Predictors of cognitive behavioural therapy success in managing supragastric belching
In the management of supragastric belching (SGB) with cognitive behavioural therapy (CBT), factors such as number of SGB and hypervigilance score at baseline as well as proficiency during treatment help predict CBT outcomes, according to a study.
Researchers examined the medical records of 39 SGB patients who had completed the CBT protocol to determine factors associated with successful treatment and to assess symptoms 6–12 months after CBT completion. They used a visual analogue scale (VAS) score to measure changes in symptoms from pre- to post-treatment.
In the cohort, the median number of SGBs was 103 episodes. The median total number of reflux episodes was 49, of which 37 were acid reflux episodes. Total oesophageal acid exposure time was a median of 3.8 percent, with 17 patients (44 percent) having pathological acid exposure (>6 percent).
Significant predictors of CBT success included a lower number of SGBs (p<0.01) and lower hypervigilance score (p<0.04) prior to treatment initiation, and higher CBT proficiency score (acceptance of the explanation that SGB is a behavioural phenomenon, detection of a warning signal before belching, and adherence to the exercises treatment; p=0.001). Multiple regression analysis found that all three factors were independently associated with treatment outcome (p<0.01, p=0.01 and p<0.01, respectively).

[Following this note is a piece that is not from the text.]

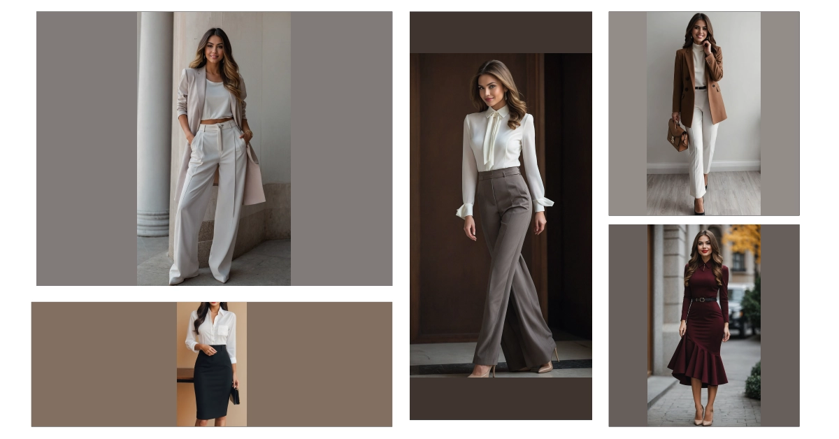 See how those pants almost swish when she walks? That’s the kind of drama we need in our workwear! It’s like you’re making an entrance everywhere you go, even just walking to the water cooler. Plus, that little tie on the blouse is a fancy touch that says, “I’m serious about my work, but also, look, I can tie a knot!” Dressing formally can actually be fun, making you feel a little more confident and ready to tackle your tasks, maybe even with a tiny bit of a superhero vibe going on.

Mean VAS score of 267 before CBT dropped to 151 soon after treatment initiation (p<0.001), with the effect persisting at 6–12 months follow-up (153).
The present data may aid in the detection of patients with SGB who are less likely to respond to CBT at diagnosis, the researchers said. In light of this, treatment outcome may be improved by modifying the CBT intensity and duration.